In China, there is an ethnic population of 30,500 but only 19,000 are fluent in Evenki and only around 3,000 people are monolingual in Evenki. Juha Janhunen investigated multilingualism in Hulunbuir (northern Inner Mongolia) and the adjoining section of Heilongjiang (e.g. Qiqihar) in 1996. He found that most Solons still spoke Evenki, and about half knew the Daur language as well. Furthermore, Mongolian functioned as a lingua franca among members of all minority groups there, as they tended to do their education in Mongolian-medium schools. The only Evenki-speakers whom Janhunen knew not to speak Mongolian as a second language were the Reindeer Evenki (sometimes called "Yakut") in the northern part of Hulunbuir, who used Russian as their "language of intercultural communication". Janhunen predicted that all of these languages, including Mongolian, were likely to lose ground to Chinese in coming years. However Chaoke noted more than a decade later that the usage rate of Evenki remained quite high, and that it was still common to find Evenki speakers who were proficient in three, four, or even five languages.

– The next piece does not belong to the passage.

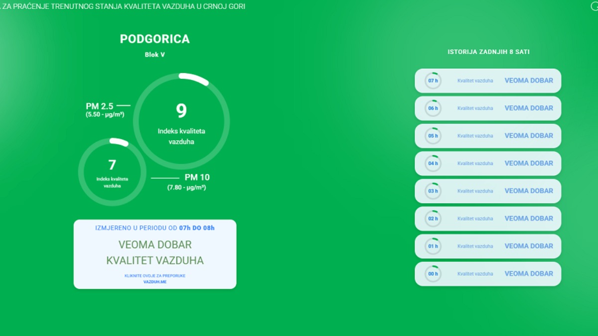 Na sajtu Vazduh.me možete vidjeti detaljan prikaz trenutnog stanja i pratiti eventualne promjene koje mogu uticati na vaše zdravlje.

There is a small population of Mongolized Hamnigan speakers of the Hamnigan dialect of Buryat in Mongolia as well, numbering around 1,000.

There is little information regarding revival efforts or Evenki's status now. In 1998, the language was taught in preschools and primary schools and offered as an option in 8th grade. The courses were regarded as an 'ethnocultural component' to bring Evenki language and culture into the curriculum. Instruction as a second language is also available in the Institute of the Peoples of the North at Herzen University (the former St. Petersburg State Pedagogical University). In the 1980s, Christian missionaries working in Siberia translated the Bible into Evenki and a Christian group called the Global Recordings Network recorded Christian teaching materials in Evenki.